• **WHAT TO DO**
Scan the entries below and return each line that contains "dedicated".

Records from a data source
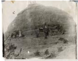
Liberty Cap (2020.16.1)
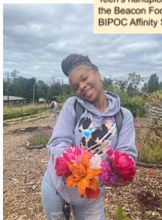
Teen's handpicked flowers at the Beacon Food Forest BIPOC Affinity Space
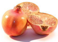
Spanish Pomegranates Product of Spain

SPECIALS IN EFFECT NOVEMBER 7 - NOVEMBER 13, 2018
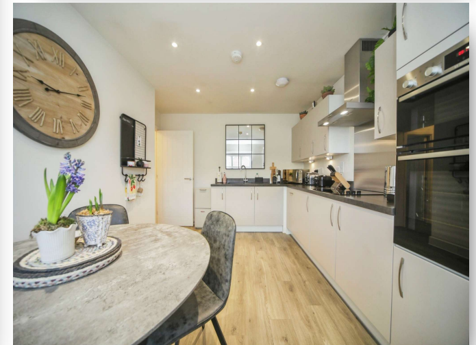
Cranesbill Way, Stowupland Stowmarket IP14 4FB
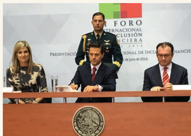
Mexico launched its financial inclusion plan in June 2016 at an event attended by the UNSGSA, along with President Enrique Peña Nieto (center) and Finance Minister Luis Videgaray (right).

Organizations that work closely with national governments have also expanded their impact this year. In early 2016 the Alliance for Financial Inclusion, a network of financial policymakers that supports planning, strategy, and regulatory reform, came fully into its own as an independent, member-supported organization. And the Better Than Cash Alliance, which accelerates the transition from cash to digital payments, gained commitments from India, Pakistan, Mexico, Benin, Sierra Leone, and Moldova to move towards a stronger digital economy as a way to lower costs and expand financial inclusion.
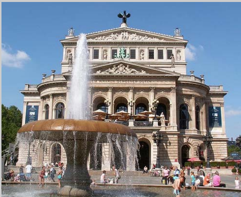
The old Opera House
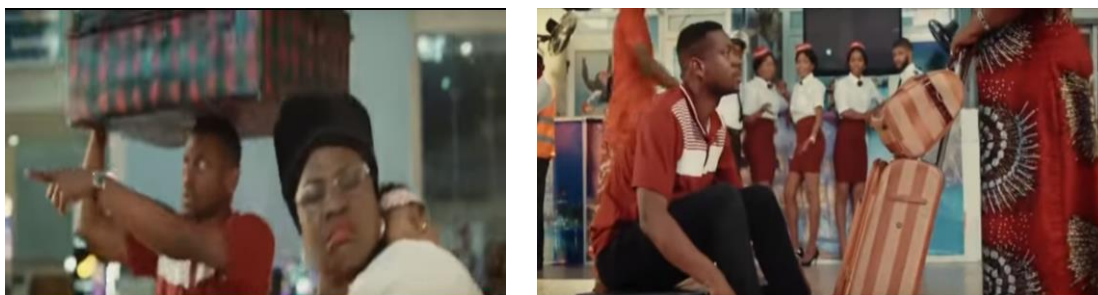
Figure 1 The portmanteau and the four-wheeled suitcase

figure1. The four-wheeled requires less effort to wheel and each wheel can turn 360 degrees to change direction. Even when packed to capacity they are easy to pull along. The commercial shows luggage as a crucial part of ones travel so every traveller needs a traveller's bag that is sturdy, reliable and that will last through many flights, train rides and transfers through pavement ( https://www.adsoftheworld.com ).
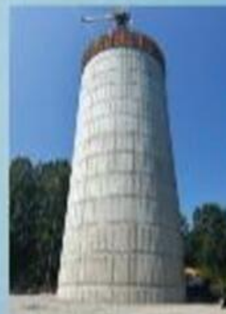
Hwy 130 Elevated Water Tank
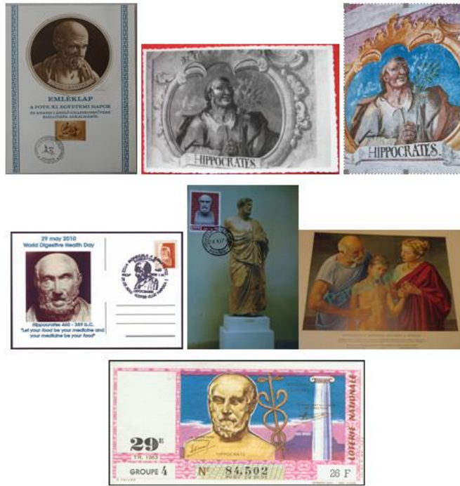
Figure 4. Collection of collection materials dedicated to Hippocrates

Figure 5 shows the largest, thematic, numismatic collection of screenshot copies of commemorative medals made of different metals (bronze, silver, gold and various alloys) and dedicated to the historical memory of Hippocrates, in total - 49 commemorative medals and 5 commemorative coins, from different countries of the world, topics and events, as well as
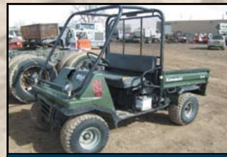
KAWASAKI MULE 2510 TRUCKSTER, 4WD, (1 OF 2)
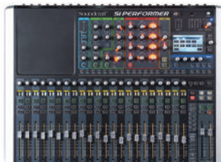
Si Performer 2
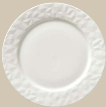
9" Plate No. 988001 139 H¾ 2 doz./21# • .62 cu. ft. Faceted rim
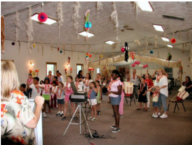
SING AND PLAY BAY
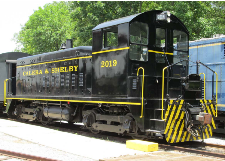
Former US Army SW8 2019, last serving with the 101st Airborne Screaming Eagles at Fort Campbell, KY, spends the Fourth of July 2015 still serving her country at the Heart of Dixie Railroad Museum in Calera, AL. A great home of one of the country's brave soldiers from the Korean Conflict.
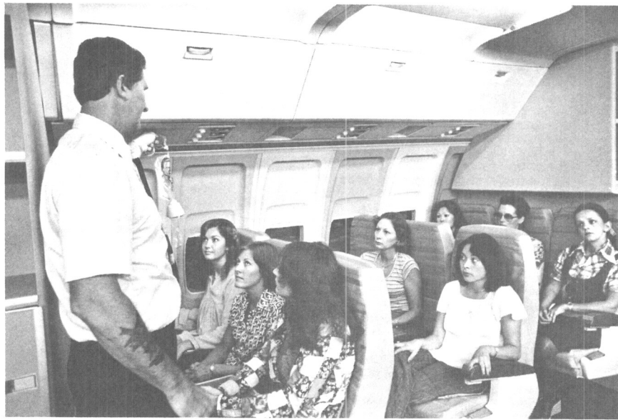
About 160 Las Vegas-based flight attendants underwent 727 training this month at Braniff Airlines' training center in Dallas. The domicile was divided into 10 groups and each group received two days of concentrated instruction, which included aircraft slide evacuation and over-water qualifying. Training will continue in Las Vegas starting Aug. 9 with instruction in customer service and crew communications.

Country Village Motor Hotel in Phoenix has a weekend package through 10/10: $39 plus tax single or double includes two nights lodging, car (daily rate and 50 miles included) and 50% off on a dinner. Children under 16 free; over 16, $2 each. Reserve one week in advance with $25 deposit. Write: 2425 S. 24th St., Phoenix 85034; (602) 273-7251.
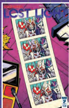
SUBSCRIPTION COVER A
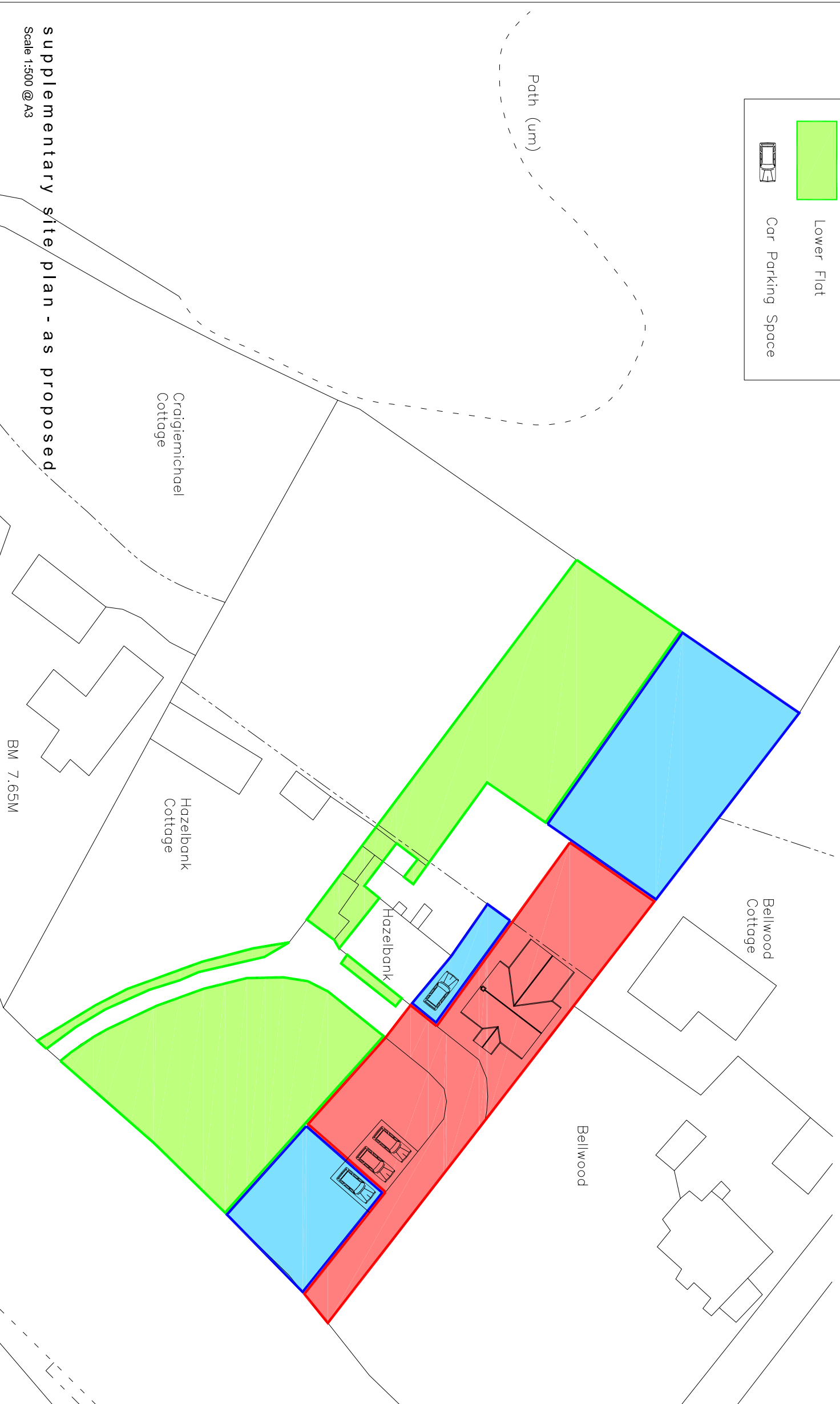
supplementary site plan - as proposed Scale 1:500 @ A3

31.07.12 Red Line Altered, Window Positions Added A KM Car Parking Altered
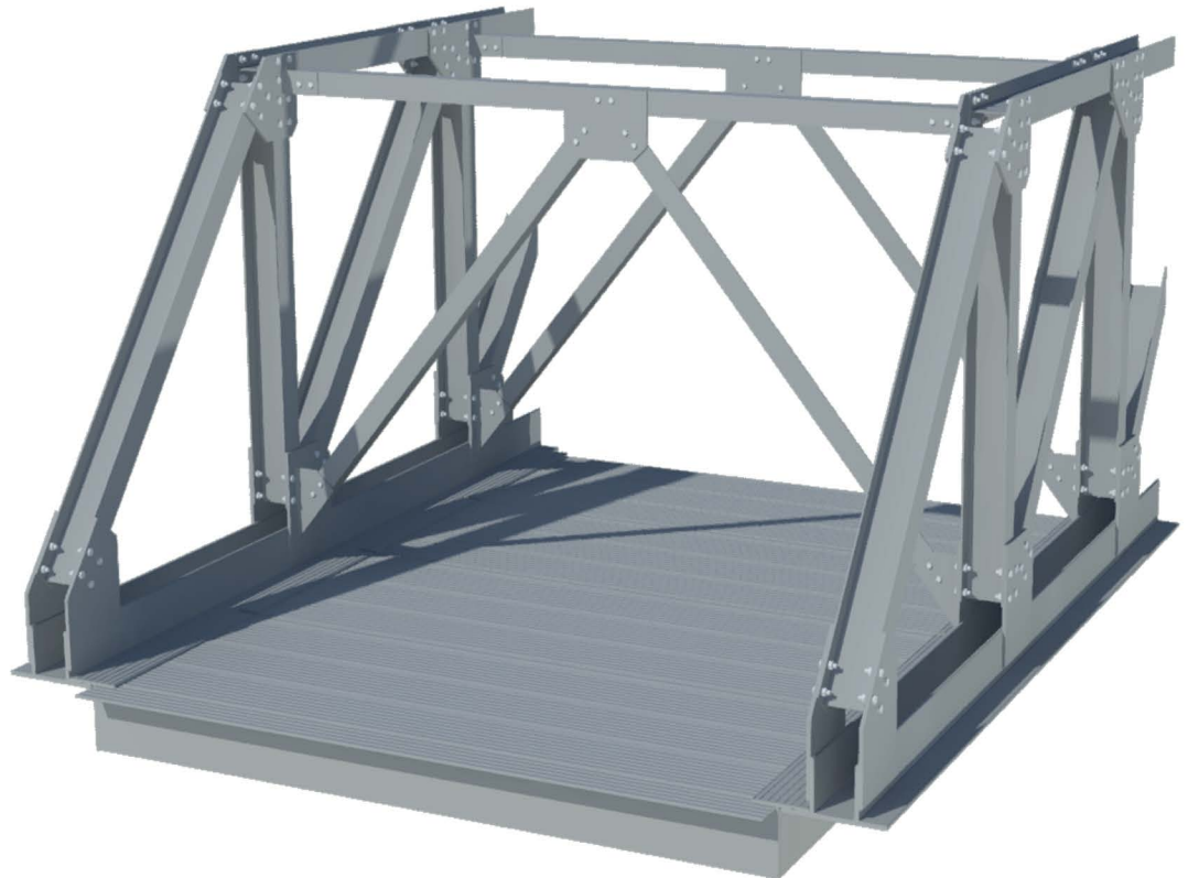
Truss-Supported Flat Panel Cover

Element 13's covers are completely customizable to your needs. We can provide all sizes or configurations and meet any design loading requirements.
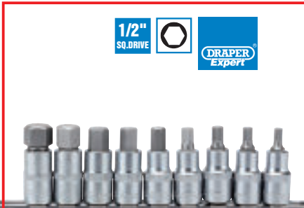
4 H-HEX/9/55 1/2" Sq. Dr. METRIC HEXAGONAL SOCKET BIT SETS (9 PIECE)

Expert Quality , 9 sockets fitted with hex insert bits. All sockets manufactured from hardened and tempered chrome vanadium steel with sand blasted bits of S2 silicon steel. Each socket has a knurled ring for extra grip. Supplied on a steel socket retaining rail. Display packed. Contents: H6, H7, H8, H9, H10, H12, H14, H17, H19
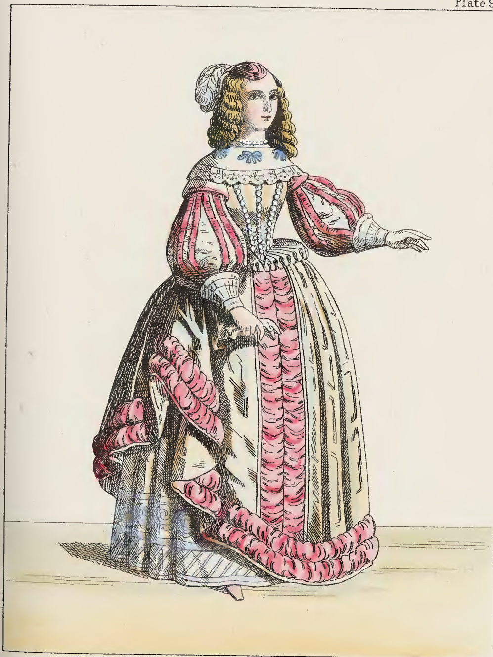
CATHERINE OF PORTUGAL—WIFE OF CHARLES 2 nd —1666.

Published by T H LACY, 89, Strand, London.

• **WRITTEN ANSWER**
Figure 4. Collection of collection materials dedicated to Hippocrates
Figure 5 shows the largest, thematic, numismatic collection of screenshot copies of commemorative medals made of different metals (bronze, silver, gold and various alloys) and dedicated to the historical memory of Hippocrates, in total - 49 commemorative medals and 5 commemorative coins, from different countries of the world, topics and events, as well as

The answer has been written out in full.